Calculating t-test and correlation/importance of feature with aggregated dataset

#1
Hi,

Important note: I will do the processes below with ready functions/packages in tools, and I am not a professional statistician, so I would really appreciate if you can help with the question below with simplified explanation.

I have a dataset with a couple of features as "Product Risk Level" and "Customer Risk Score" and an outcome as "Customer Default" as below.
I want to calculate the significance or correlation of "Product Risk Level" and "Customer Risk Score" for the outcome "Customer Default".

The sample size is totally 1300 aggregated rows (600 rows for the "Yes"-outcome and 700 rows for the "No"-outcome). I just shared an example below with made up numbers.

I am planning to do first t-test to check the independency between the features and the outcome. Then I will calculate either the correlation between each feature and the outcome. Or I will calculate the importance of each feature by using a "classification model".

However, unfortunately my dataset is not "per-event". My dataset has aggregated values which consists of the population/number of samples in each features-outcome-peer.

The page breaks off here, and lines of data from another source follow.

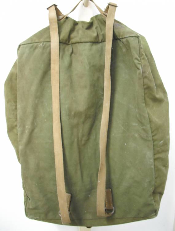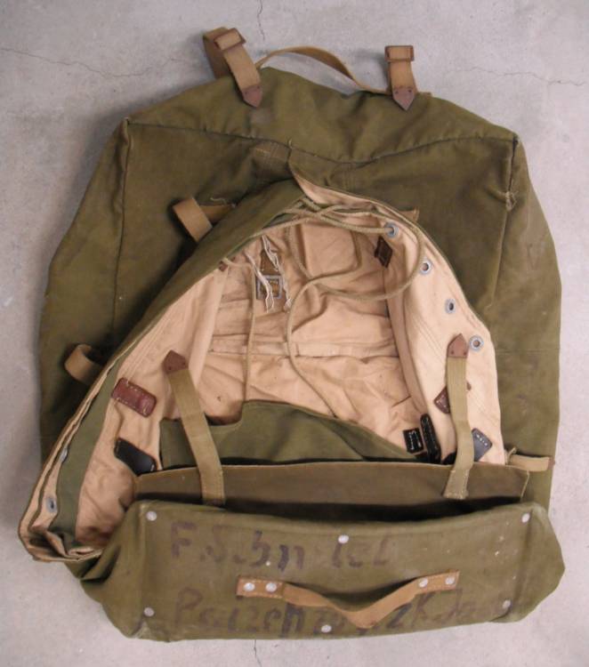 ZAINO VALIGIA DAK IN COTONE VERDE. CON CINGHIAGGIO IN CUOIO MARRONE. MODELLO WEHRMACHT, DEUTSCHE AFRIKA KORPS. CON ISCRIZIONI DEL PROPRIETARIO SUL FONDO. COMPLETO. IN OTTIME CONDIZIONI. ORIGINALE BELLICO TEDESCO.
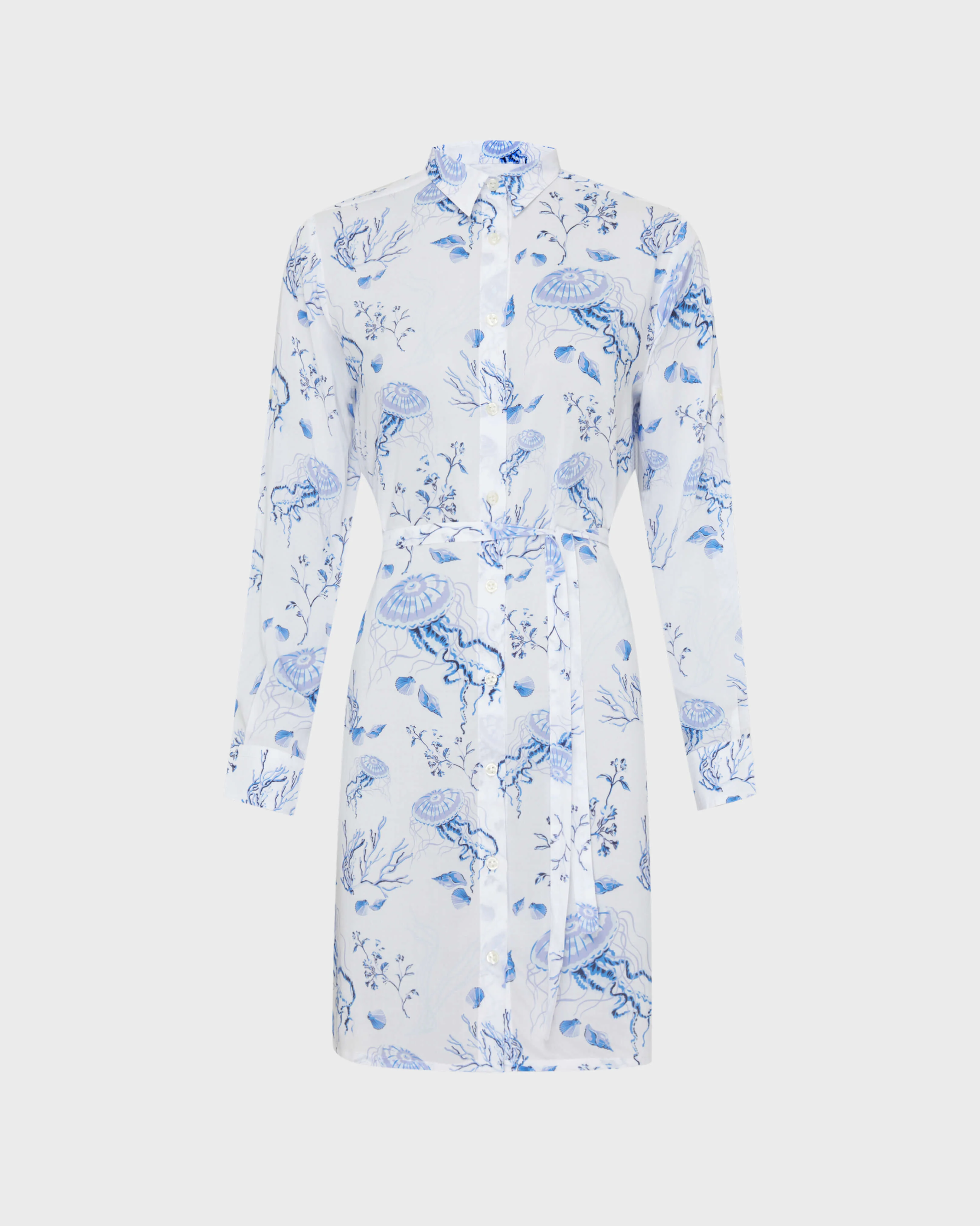 An easy-to-wear summer shirt dress featuring a neat collar, button-up front and tie belt. Crafted from viscose for a cool feel and embellished with a tonal turtle on the hem. - Women Dress Shirt - Long cut and long sleeves - Tone on tone embroidered Turtle on left bottom hem - Belt to be tied - Middle back length for a size S: 91.00cm - Women Shirt dress - Women Shirt dress Medusa and Shells - 100% viscose Product Information Style: Florence Model: FNCCX426-010 Color: WHITE / WHITE
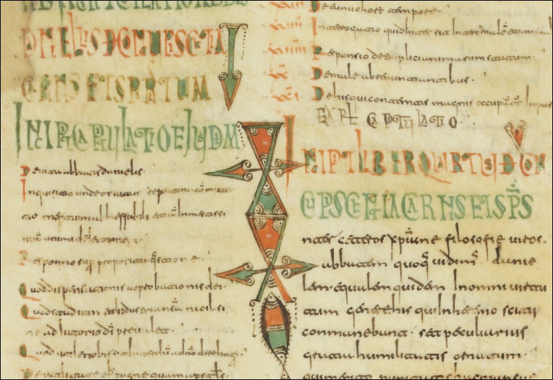 Collationes Patrum: This part of the manuscript contains a number of small decorative initials or litterae notabiliores in green, yellow and red as part of incipit and explicit. Seem that their style slightly changes between hands, especially between the first two and the third one, less elaborated. In some of these initials, small figures were added within; especially in those corresponding to the third hand.

I believe that I need to take the "Number of samples" into consideration when I do the t-test and correlation and/or "importance of feature". The question is how?


1623620768959.png
 
Last edited:

Karabiner

TS Contributor
#2
For a t-test, you need the variability of the scores (standard deviation in each pair-group).
As you do not have this, you'll have to analyse the data on the aggregate level.
But since your sample size for such an analysis is small (n=7 groups), a t-test for the
risk score, or a U-test for the risk level (which clearly is ordinal scaled and would not
permit a t-test) does not seem very useful. They would have extremely low statistical power
to detect any effect.

Of course, you can do descriptive statistics, for example calculate the weighted mean
(or median, respectively) of "outcome: yes" versus "outcome: no".

Just my 2pence

Karabiner
 
#3
For a t-test, you need the variability of the scores (standard deviation in each pair-group).
As you do not have this, you'll have to analyse the data on the aggregate level.
But since your sample size for such an analysis is small (n=7 groups), a t-test for the
risk score, or a U-test for the risk level (which clearly is ordinal scaled and would not
permit a t-test) does not seem very useful. They would have extremely low statistical power
to detect any effect.

Of course, you can do descriptive statistics, for example calculate the weighted mean
(or median, respectively) of "outcome: yes" versus "outcome: no".

Just my 2pence

Karabiner
Sorry @Karabiner , I forgot to mention that my sample size is actually total 1300 aggregated rows (600 with Yes and 700 with No), I just shared here a made-up sample. In that case, is there a way of calculating the "importance of feature" and doing a test like t-test?
 
Last edited:

Karabiner

TS Contributor
#4
So, as far as I can see, you can perform a t-test on the group level data with risk score, and U test or a Chi² test with risk level.
I do not know whether it would be useful and possible to take group size into account, maybe someone else does.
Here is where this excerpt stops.